> WHAT IS NEEDED
Would you please print exactly the lines that run from the one with "表1和图3分别说明了方差分析中的效应数和因子数与I类错误间的关系" to the last line of the data, both included, without any pictures?

Records contained in a dataset
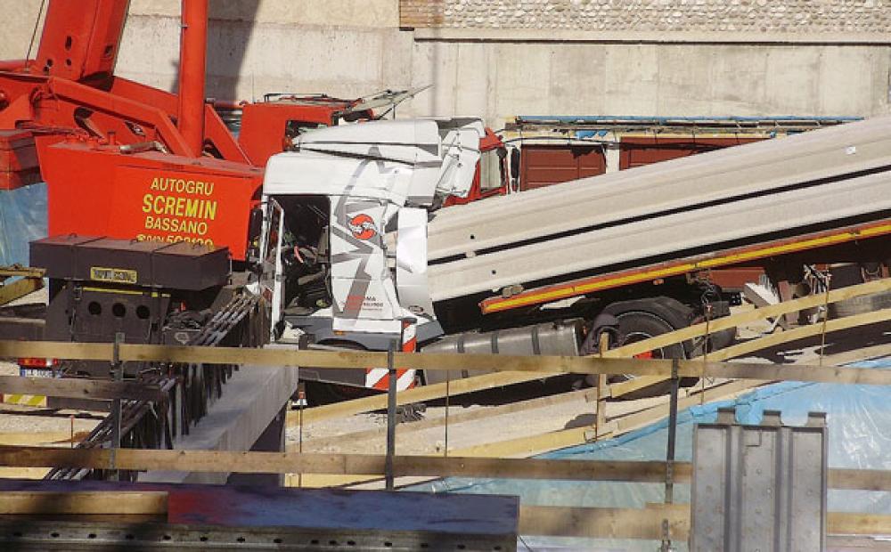 Tragedia sul lavoro questa mattina nel cantiere della fondazione Pirani-Cremona in vicolo Da Ponte a Bassano. Un camion si schianta sulla base della gru: muore uno dei due autisti, schiacciato dai profilati di cemento che stava trasportando
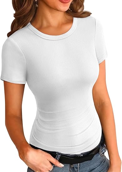 Women's Crew Neck T Shirt Ribbed Fitted Shirt Basic Short Sleeves Summer Tops Causal
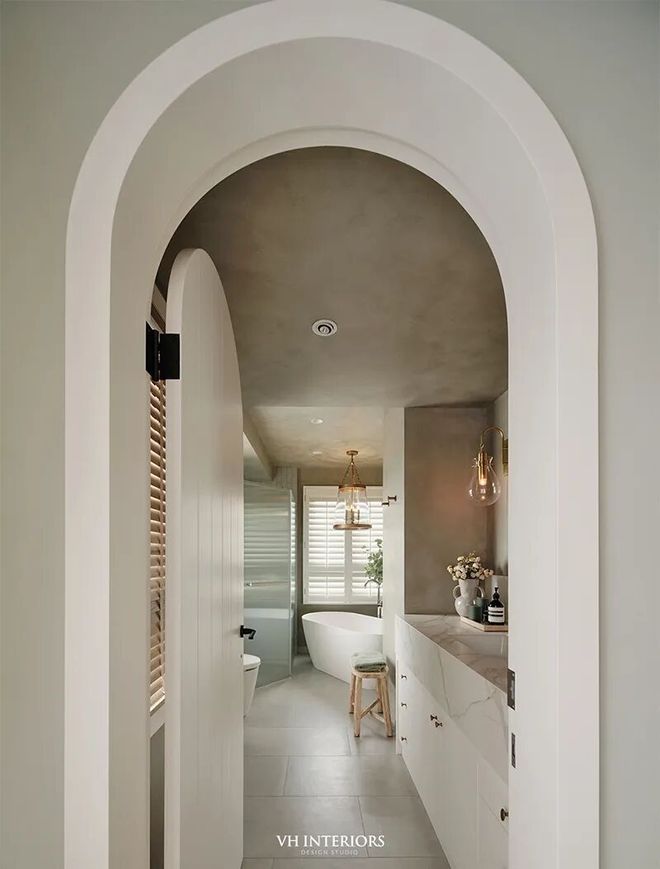 予以简约手法,降低柜体量,并拓开斜面门洞
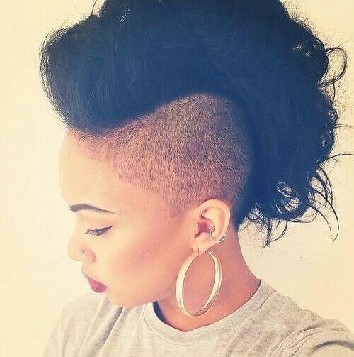• Mohawk style is chic, versatile, edgy and low-maintenance short natural haircuts for black females as it provides boldness while catering to natural texture. The cut usually consists of a strip on the head with longer hair flowing from the front to the nape of the neck and is accompanied by shorter or shaved sides.
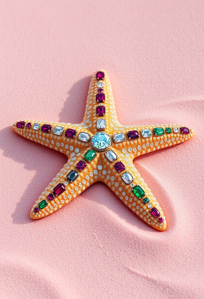 "Create a hyper-realistic image of a starfish adorned with beautiful gemstones, its delicate arms and body intricately detailed. The starfish is covered in a variety of gemstones, including rubies, emeralds, and diamonds, which sparkle and shine in the light. The starfish is laying on a perfect pile of pink sand, which is smooth and untouched. The sand is rendered in exquisite detail, with every grain and texture visible. The overall effect is one of serene, underwater beauty, as if the starfish is a treasure from the ocean floor." Highest-Quality, 8 k, intricate details, visually stunning, Masterpiece
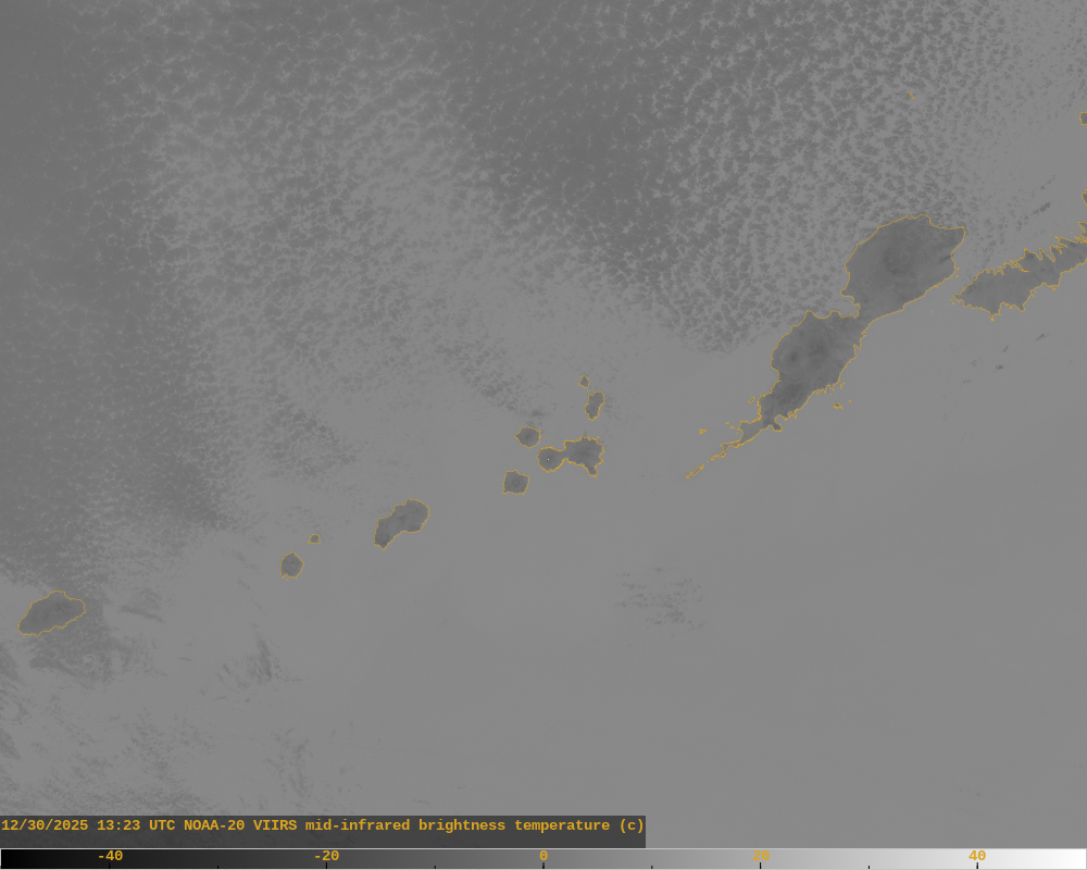 Atka volcanic complex (GREEN/NORMAL): moderately elevated surface temperatures in VIIRS imagery from known summit lake location.
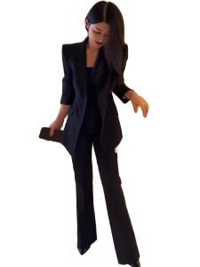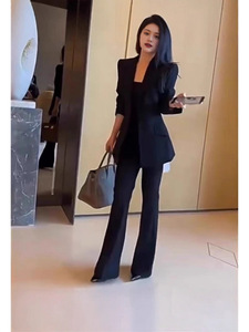 2901预售款大码女装职业休闲西装套装胖mm中长款西服长裤两件套
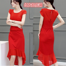夏红色新娘回门装结婚敬酒晚宴会小礼服中长款修身短袖雪纺连衣裙
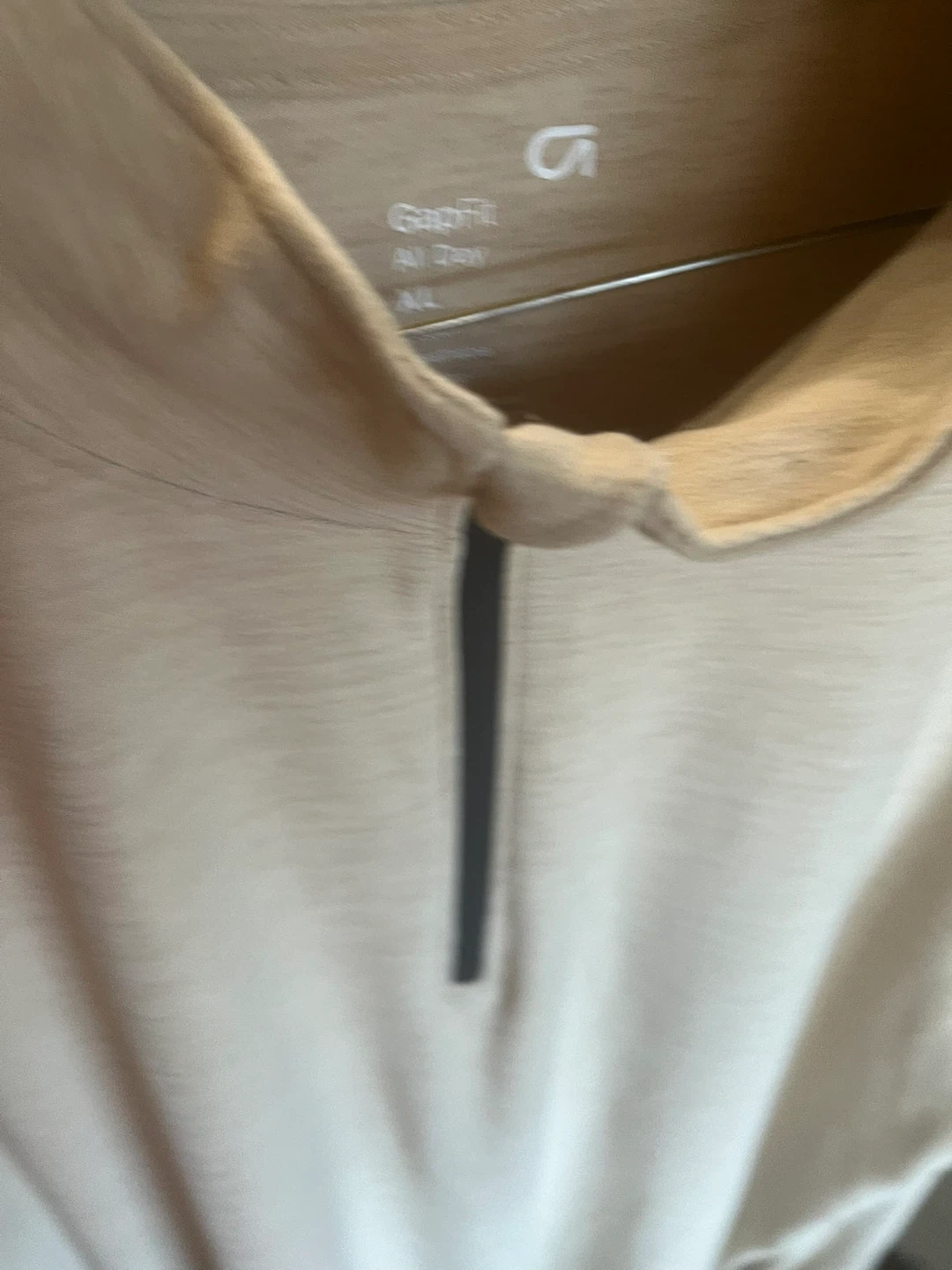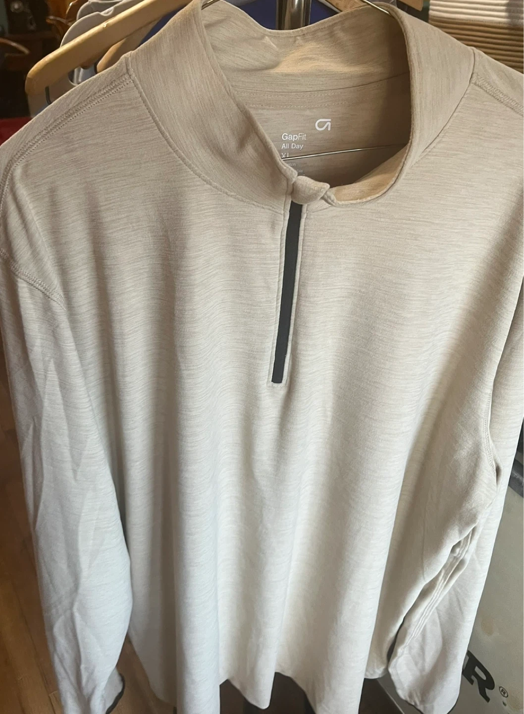 GapFit Men's quarter zip pullover top in a heathered beige color. All Day performance fabric. Size XL. It has a zip neck and long sleeves.
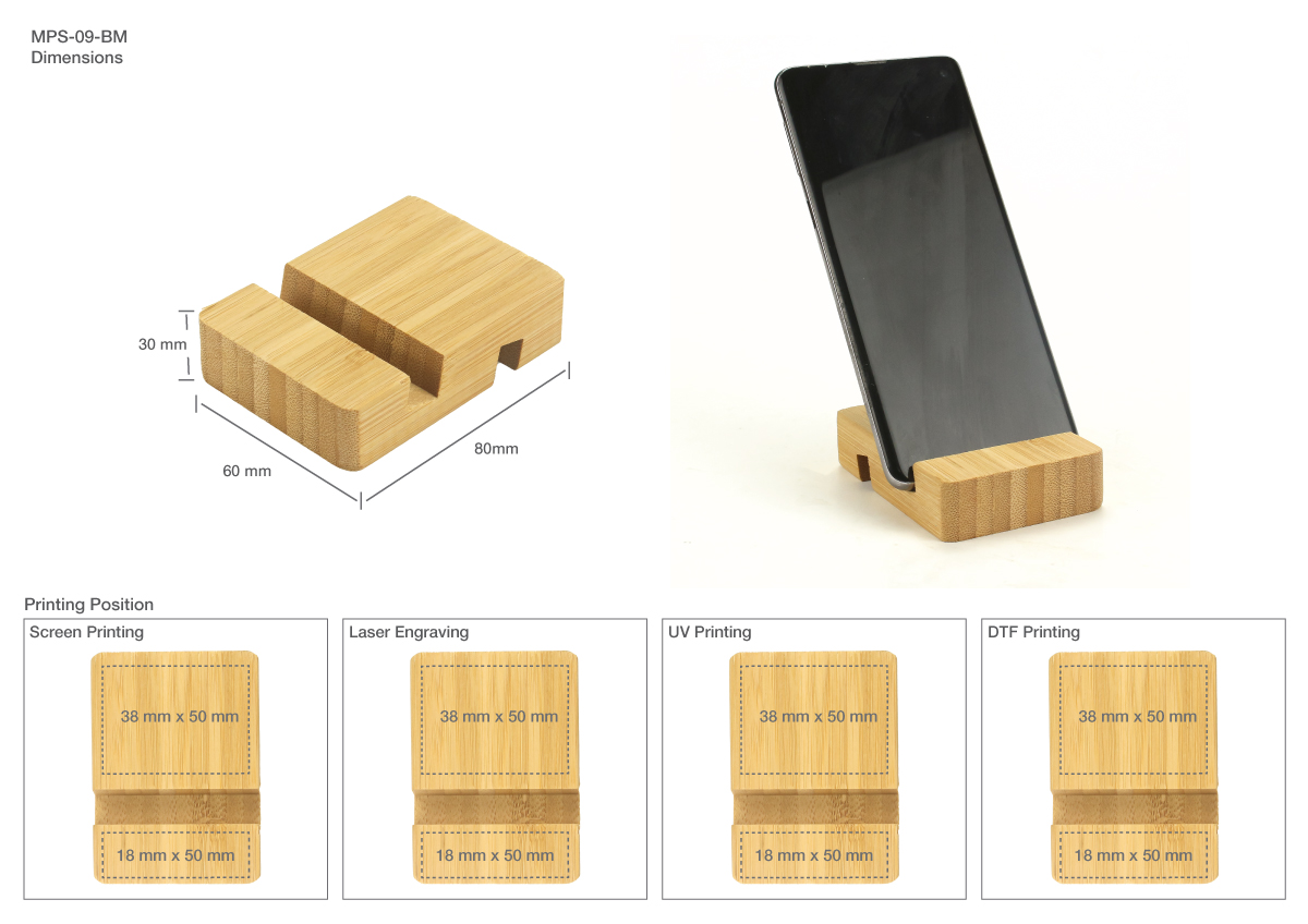 Dual Slots Bamboo Material Phone Stands with Branding Options.
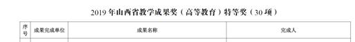 2020年1月20日,教育厅晋教师函[2019]82号文公布了2019年山西省教学成果奖获奖名单,我院尹建平老师牵头的“国防特色院校“四位一体”国防育人体系的构建与实践”、赵捍东老师牵头的“基于“校企联合”的大学生工程应用能力提升与实践”分获特等奖、一等奖,张素华老师参与的“以教师教学能力提升为突破口,教师全方位发展中北实践”获得二等奖。
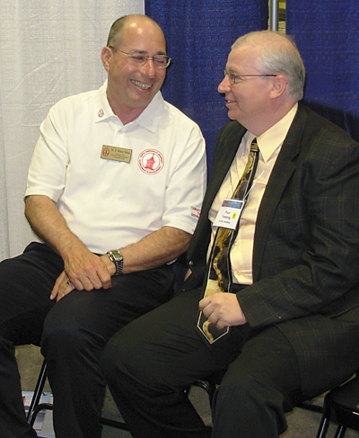 Wilson Nelson of North Greenville University and Paul Fleming, vocational evangelist from Greenville, enjoy a light moment in the exhibit hall at the SBC annual meeting in Indianapolis.
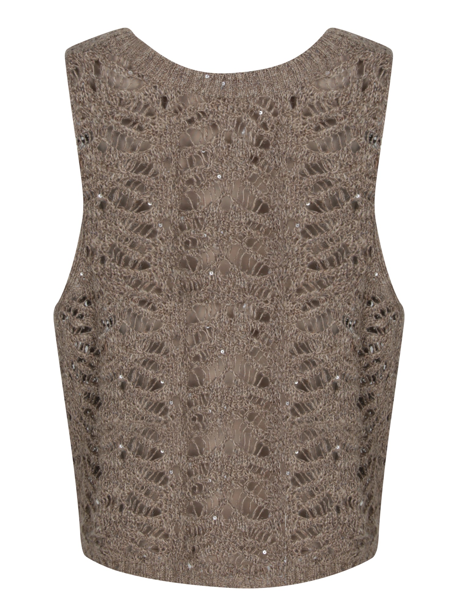 Sleeveless crochet top. Shimmering details with sequins appliques. Tortora color.
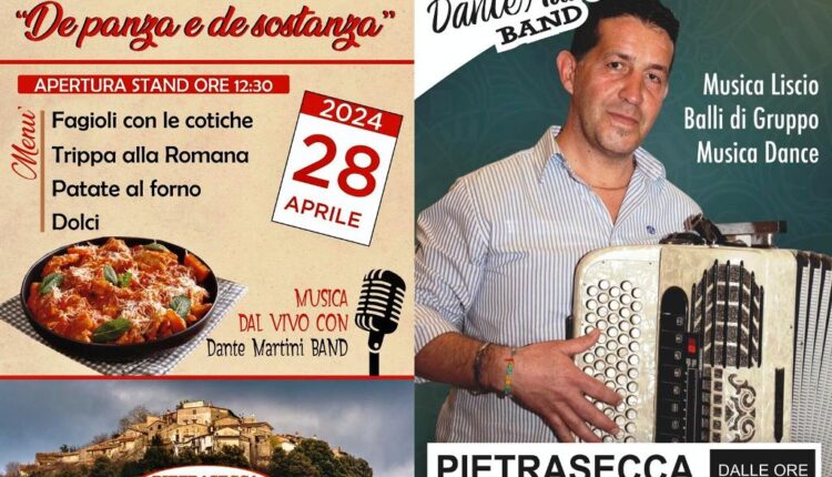 PIETRASECCA – Appuntamento per il 28 Aprile 2024, quando nel bellissimo e suggestivo borgo del carseolano prendono il via i festeggiamenti celebrativi del 950° anno della nascita di Pietrasecca (Petrasicca). 950 anni di storia, e si inizia con la Sagra de panza e de sostanza con musica in Live. La Pro loco invita tutti a partecipare.
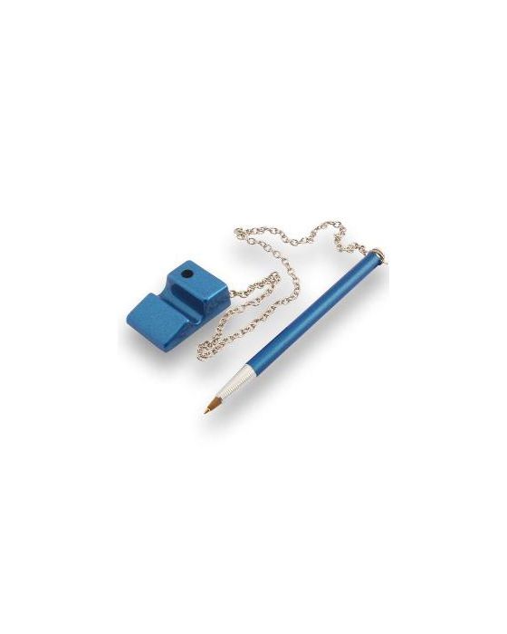Caracteristicas: - Caneta em alumínio tubolar, - Cor da Caneta e Suporte: Azul - com suporte para repouso na Horizontal - acabamento em pintura metálica, - corrente de 50 cm e fixação fita adesiva dupla face. - Fácil aplicação. - Marca : Caneta Fixa - Fabricante: Fejova - Carga Bic* ou similar. Fácil aplicação/troca. * As especificações podem ser alteradas sem aviso prévio ** Imagem meramente ilustrativa.
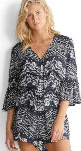 Sea Folly Bandanna Print Bell Sleeve Romper Navy Size XL - $45 - From Bambi
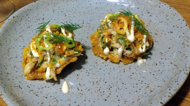 com carne de siri, vinagrete e maionese da casa, finalizado com tucupi, bottarga
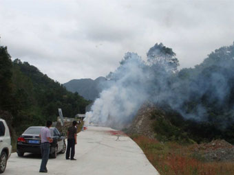 于經(jīng)理、馮經(jīng)理等人員合影                                                                   爆破現(xiàn)場
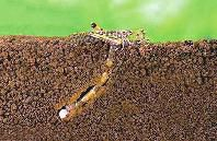 昆虫在过冬前的准备中,还有一次改变趋性的过程。昆虫属于变温动物,体温随气温的变化而改变,天热了就向阴凉的地方躲,天冷就向暖和的地方跑。这种向暖和地方去的现象就是趋温性,是昆虫度过严冬的一种重要本能。例如专门取食蚜虫的异色瓢虫,天气变冷时,它们就争先恐后地飞到墙缝、草堆以及仓库等较暖和的地方过冬。在土壤中生活并过冬的叩头虫的幼虫(金针虫),天气变冷时,它们便向着土壤深处钻,这是因为10厘米以下深处的土壤温度要比大气温度高7℃以上,20厘米的深处要高10℃以上。当土壤深度达60~90厘米时,温度昼夜不变;深度达12米时,保持着不冷不热的状态。虽然大部分昆虫不会钻那么深,但钻入到10~15厘米下还是较为常见的。由于土壤温度比大气温度高,昆虫当然就不容易被冻死了。
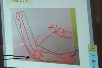理科「わたしたちの体と運動」の学習に入りました。この日は、うでのほねはどのようなつくりになっていて、どのように動くのか考えました。ほねとほねのつなぎ目で、体が曲がるところを関節ということを知りました。
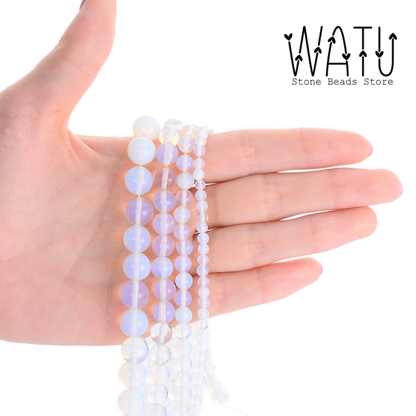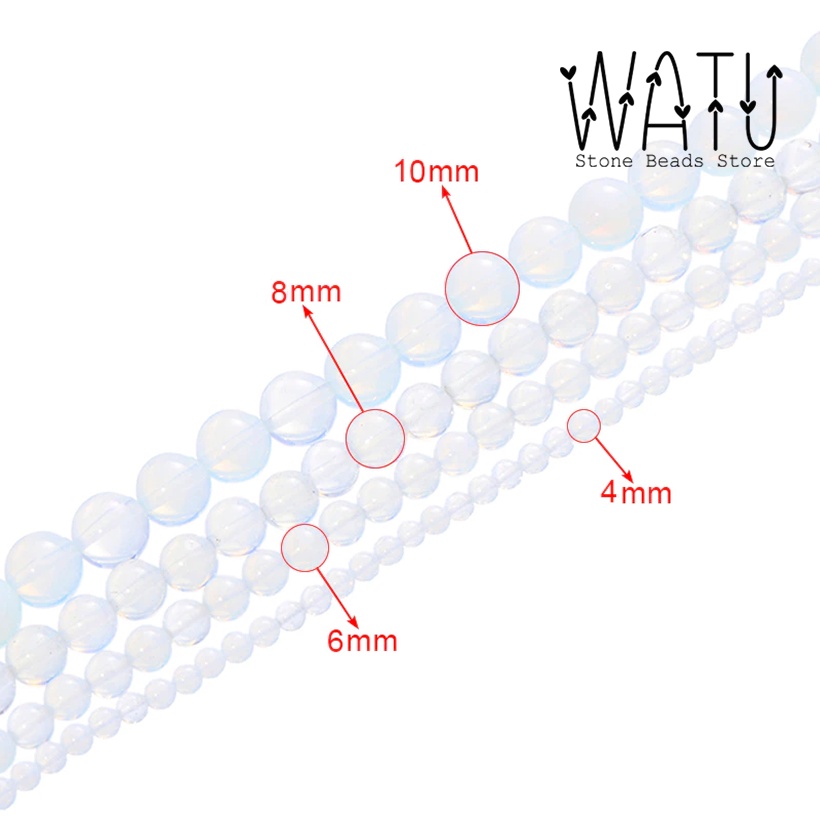 Manik Batu Opal Moonstone Warna Putih Ukuran 4mm, isi ± 90 butir Ukuran 6mm, isi ± 64 butir Ukuran 8mm, isi ± 48 butir Ukuran 10mm, isi ± 38 butir Ukuran 12mm, isi ± 32 butir
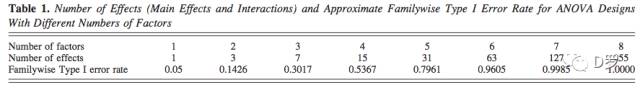 表1和图3分别说明了方差分析中的效应数和因子数与I类错误间的关系
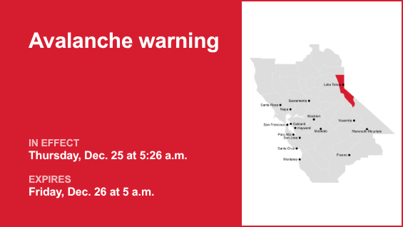 A las 5:26 a. m. del jueves, el Servicio Meteorológico Nacional emitió una advertencia de avalancha que estuvo vigente hasta las 5 a. m. del viernes 26 de diciembre para el área metropolitana de Lake Tahoe.
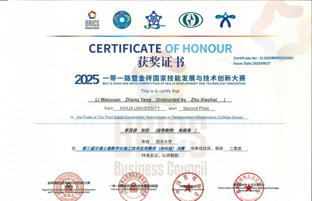 近日,教育部全国普通高校大学生竞赛榜单赛事——“一带一路” 暨金砖国家技能发展与技术创新大赛全国总决赛落下帷幕。西华大学汽车与交通学院学子在大赛交通赛项中表现亮眼,一举斩获全国一等奖、二等奖各 1 项,创下学校在该赛事中的历史最佳成绩,为校争光。

> RESPONSE TO THE TASK
 表1和图3分别说明了方差分析中的效应数和因子数与I类错误间的关系
 A las 5:26 a. m. del jueves, el Servicio Meteorológico Nacional emitió una advertencia de avalancha que estuvo vigente hasta las 5 a. m. del viernes 26 de diciembre para el área metropolitana de Lake Tahoe.
 近日,教育部全国普通高校大学生竞赛榜单赛事——“一带一路” 暨金砖国家技能发展与技术创新大赛全国总决赛落下帷幕。西华大学汽车与交通学院学子在大赛交通赛项中表现亮眼,一举斩获全国一等奖、二等奖各 1 项,创下学校在该赛事中的历史最佳成绩,为校争光。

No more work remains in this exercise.